Le cardinal a ouvert son discours en rappelant le rendez-vous organisé du 19 au 23 février à Bari par la Conférence épiscopale italienne «Méditerranée, frontière de la paix», qui sera conclu par le pape François. La Méditerranée, a t-il souligné «est un lieu de rencontre et parfois d'affrontement entre les peuples et les cultures de trois continents et des trois grandes religions monothéistes. Il est nécessaire de donner une voix aux attentes et aux espoirs de tous les peuples. Personne n'est exclu». Un lieu, a t-il ajouté, «qui génère des valeurs, de la culture et de la pensée, malgré les différences et les conflits».
S'occuper les uns des autres
Le pape François parle de fraternité depuis sa présentation au peuple de Dieu le jour de l'élection, a encore rappelé le cardinal Parolin, estimant qu'il fallait faire preuve d'«attention aux migrants». Son premier voyage hors du Vatican était en effet au cœur de la Méditerranée, à Lampedusa, le 8 juillet 2013, où il a demandé, comme Dieu l'a demandé à Caïn : «Où est ton frère» ? «Nous ne sommes plus capables de nous occuper les uns des autres», s'est plaint le cardinal Parolin, ajoutant que «si la perspective est celle de Caïn, la Méditerranée ne peut que se transformer en un grand cimetière».
1283 personnes sont mortes en tentant de traverser la mer Méditerranée en 2019, selon l'Organisation internationale pour les migrations (OIM), rattachée à l'ONU. Un nombre presque divisé par deux par rapport à 2018, sur un total de 110 700 migrants qui ont emprunté cette voie maritime. Au total, 19 164 personnes sont mortes dans la Méditerranée depuis 2014, rappelle l'OIM.
Non aux solutions nationales en matière de migration
De son côté, Giuseppe Conte, président du Conseil des ministres italien, a souligné que «les solutions nationales, ou pire encore, nationalistes, n'ont aucune chance de succès. Au contraire, la migration nécessite une approche européenne et internationale à plusieurs niveaux, fondée sur les principes de solidarité et de responsabilité partagée».

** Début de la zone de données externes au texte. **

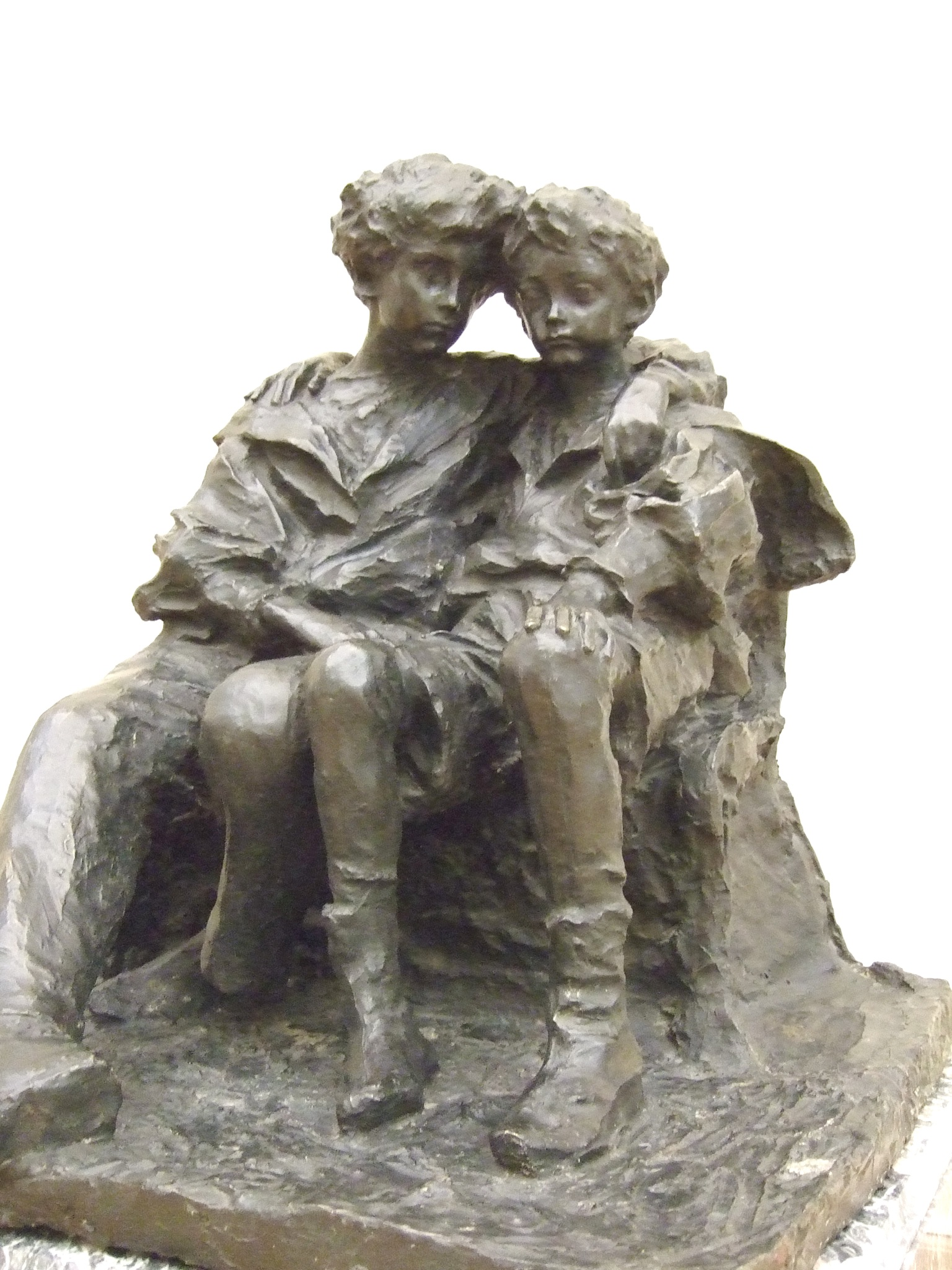 Children (N.S. and V.S. Troubetzkoys)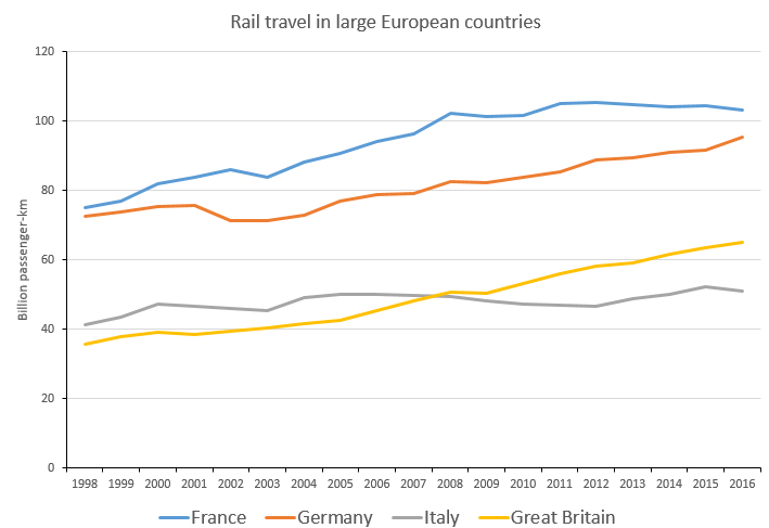 Passenger-km in large European countries from 1998-2016[1]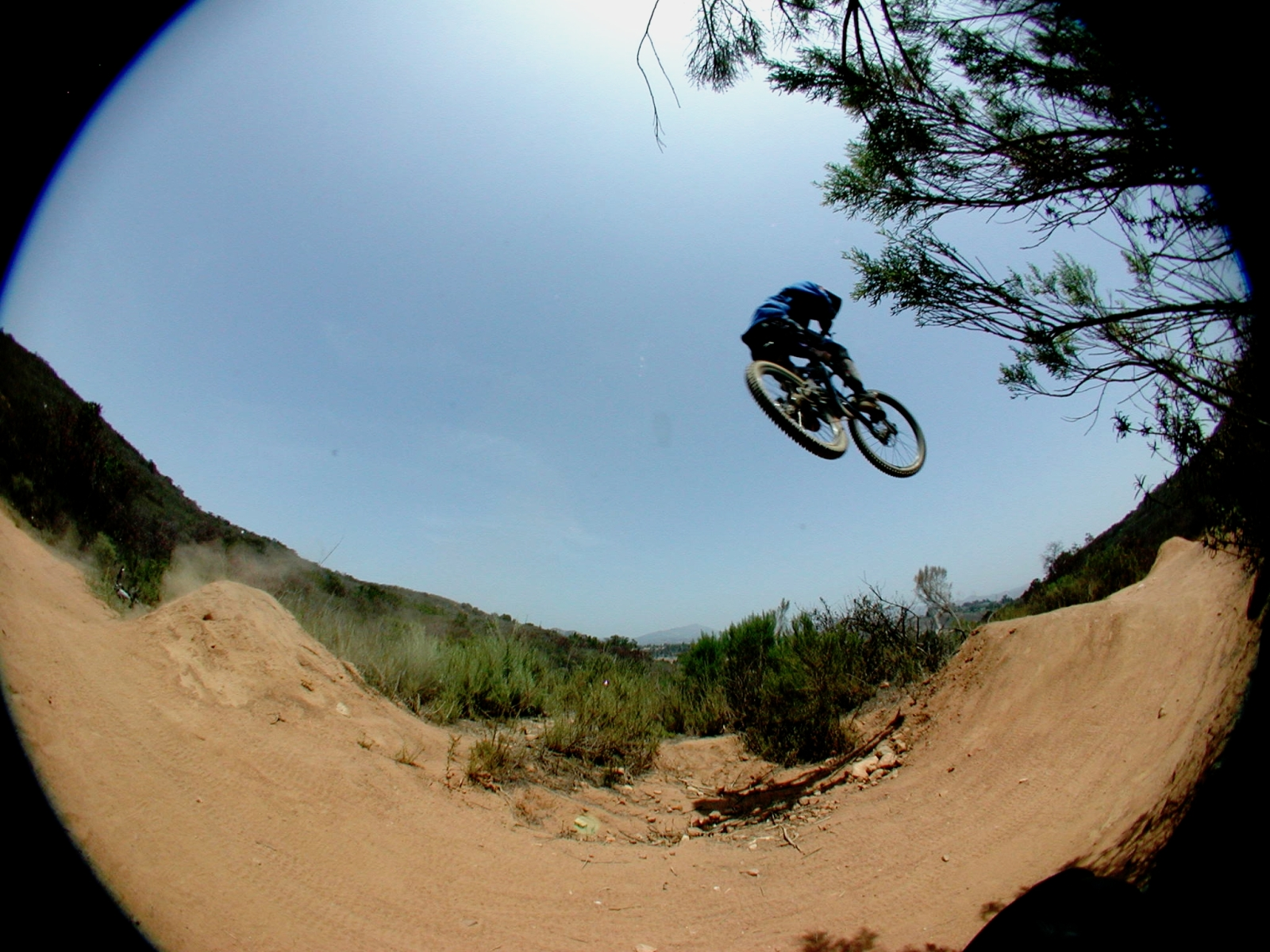 A freeride/dh mountain bike jump in san diego.

Un autre outil précieux, a rappelé le Premier ministre, «est celui des couloirs humanitaires, organisés avec des organisations de la société civile d'inspiration religieuse», «Ce sont des expériences que nous considérons comme centrales» et pour cette raison «nous continuons à inviter les autres États membres de l'Union européenne à y répondre» a t-il souligné.
Sur la crise au Moyen-Orient, et le conflit israélo-palestinien en particulier, le cardinal Parolin et le chef du gouvernement italien se sont une nouvelle fois prononcés pour une solution à deux Etats, «la seule qui puisse mettre un terme au conflit israélo-palestinien». Une solution qui, pour le Secrétaire d'Etat du Saint-Siège, «doit trouver un nouvel élan dans la communauté internationale». Deux États et deux peuples, a répété le Premier ministre Conte, «cela reste la perspective la plus juste et la plus durable, en tenant compte des aspirations légitimes des deux parties et en contribuant à la stabilité et à la sécurité de toute la région du Moyen-Orient».